A friend of mine is a plumber. He's 47, two trucks, three employees. He bills between $180k and $220k a year depending on the year.
When he finishes a job, he packs his tools, washes his hands, gets in his truck, and drives off. Nobody throws confetti. Nobody tells him congrats, you completed a challenge!
He wouldn't understand the idea.
The asymmetry between professions
I noticed something while talking to users in different trades. Physical trades — construction, cooking, healthcare — almost never use gamified tools. Desk jobs are full of them.
Why? One guess: in a physical trade, the work is visible. The floor is laid or it isn't. The omelette is cooked or it isn't. The patient is better or worse. You don't need a screen to congratulate you.
In a desk job, the work is invisible. So we invent little green lights to reassure ourselves we exist.
The trouble with little trophies
They infantilize. It's the right word — unpleasant but accurate. They treat a professional like a kid who needs a star on their notebook.

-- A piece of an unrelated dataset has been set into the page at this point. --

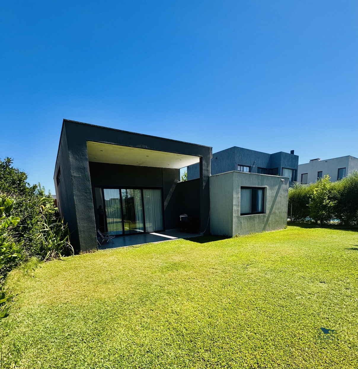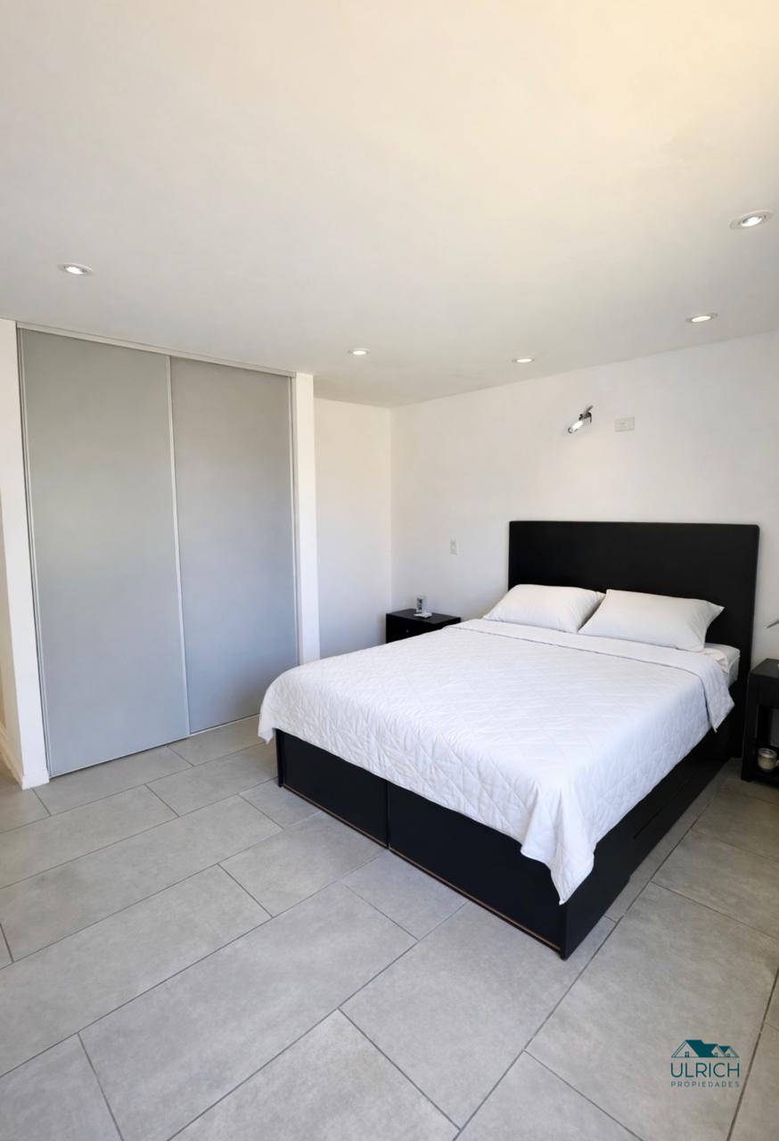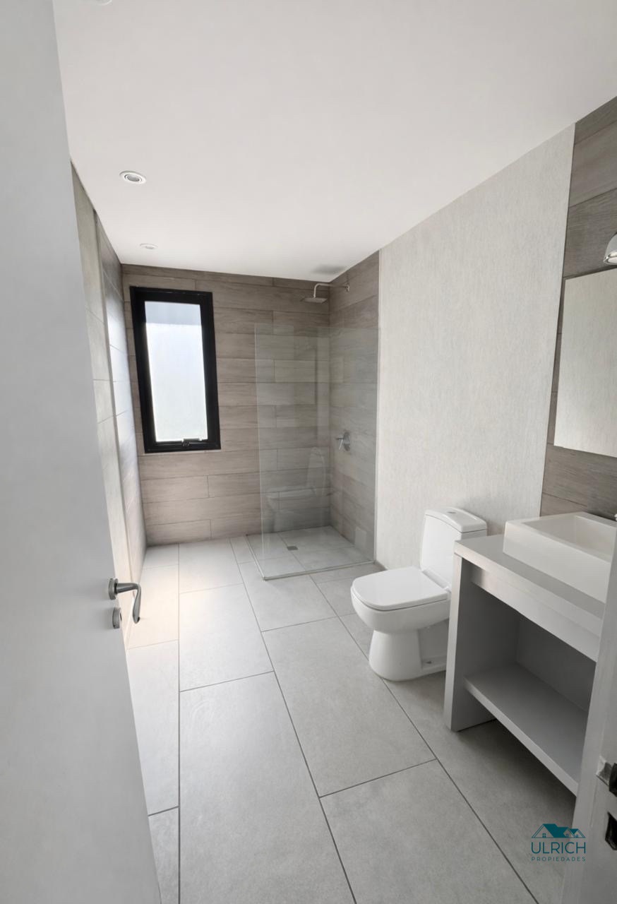 Cuenta con 3 dormitorios uno de ellos en suite y los otros dos dormitorios comparten el otro baño. Cocina, Living y comedor. Posee grandes ventanales de doble vidrio en el living que dan al jardín La casa es still frame. Todo es eléctrico bajo consumo inverter.

A freelancer billing $85k a year doesn't need an app to congratulate them for completing three sessions. They completed three sessions because it's their job. The way my plumber friend soldered three pipes.
What we put in its place
A number. The week's total hours. The month's revenue. The count of finished sessions.
That's it. No star, no congratulations, no you're improving!. Just the bare fact, shown without commentary.
Respect as the default
The deeper reason: Sablio is built for people who already know how to work. Our job isn't to motivate them. It's to stay out of their way.
If you need an app to congratulate you for working, you don't have a tool problem. You have a job problem, and no software is going to fix it.